• From the Director

Use our new Checkpoints activities in Year 7!

A secure understanding of Key Stage 2 maths is crucial for new Year 7s to progress at secondary school

Use our new Checkpoints activities in Year 7!
  • Published: 03/09/2021

Are you a secondary school maths teacher, teaching Year 7? If so, I’m asking you to be honest with yourself. How much do you know about the maths your new Year 7s learnt in Key Stage 2? I suspect many of you may have a general sense of what has been taught, but probably don’t really know much detail about breadth and depth of coverage, or how content has been taught.
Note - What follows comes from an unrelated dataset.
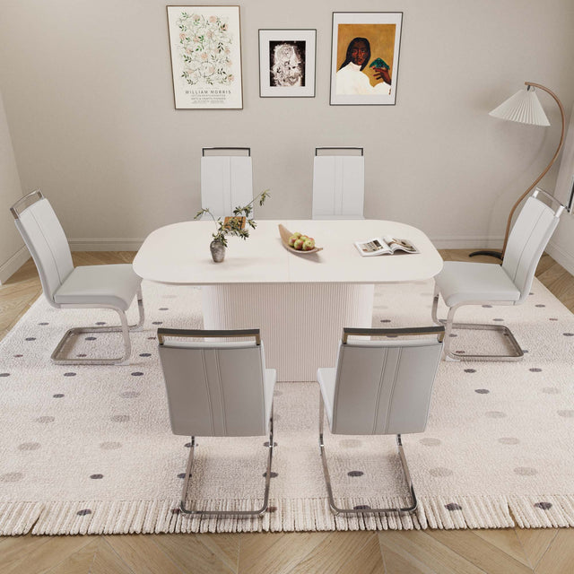 Mesa de comedor de MDF estilo crema medieval moderno de 63 'y juego de sillas de comedor sin brazos de PU 6. Juego de sillas de comedor con patas de metal plateado y escritorio ensamblado, adecuado para el hogar y la cocina.
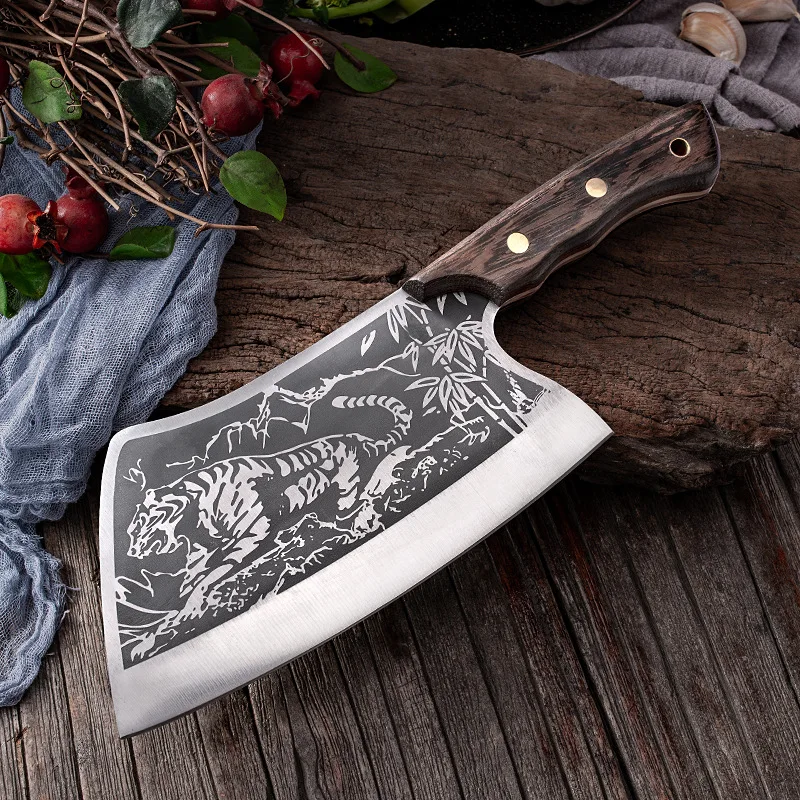 tiger pattern bone duty heavy carniceros para tang martillo cuchillo clewver blade messer kitchen boning cleaver butcher knife

A secure understanding of the Key Stage 2 mathematics curriculum is a crucial foundation for pupils to make a success of their maths education at secondary school. From my own teaching experience, I know that Year 7s who have a secure understanding of place value and basic fractions, and can reason multiplicatively, are far more likely to master the Key Stage 3 curriculum and go on to succeed at GCSE, especially if this understanding is underpinned by fluent numeracy. My experience of teaching GCSE-resit students confirms this.

Problems associated with Key Stage 3 were highlighted in Ofsted’s 2015 report Key stage 3: the wasted years?, and I’m far from convinced the issues the report identified have been tackled for maths teaching in many secondary schools. Two quotes from the report stand out for me:

‘Many secondary schools do not build sufficiently on pupils’ prior learning.’


‘Key Stage 3 is not a high priority for many secondary school leaders in timetabling, assessment and monitoring of pupils’ progress.’

Ready for the start of the new academic year, the NCETM has developed Checkpoints, an extensive set of classroom activities to support Year 7 mathematics teaching. These activities are designed specifically to help teachers of Year 7 maths to check and reinforce their pupils’ understanding of, and fluency with, fundamental mathematical knowledge and concepts from Key Stage 2. This will help ensure firm foundations are in place for the rest of Key Stage 3 and beyond. The resources provide enough material for up to three 10- to 20-minute classroom activities per week throughout Year 7. Feedback from teachers who have previewed them has been very positive and I’m convinced they can make a major contribution to improving pupils’ transition to secondary school mathematics, which can help many more to go on to succeed at GCSE.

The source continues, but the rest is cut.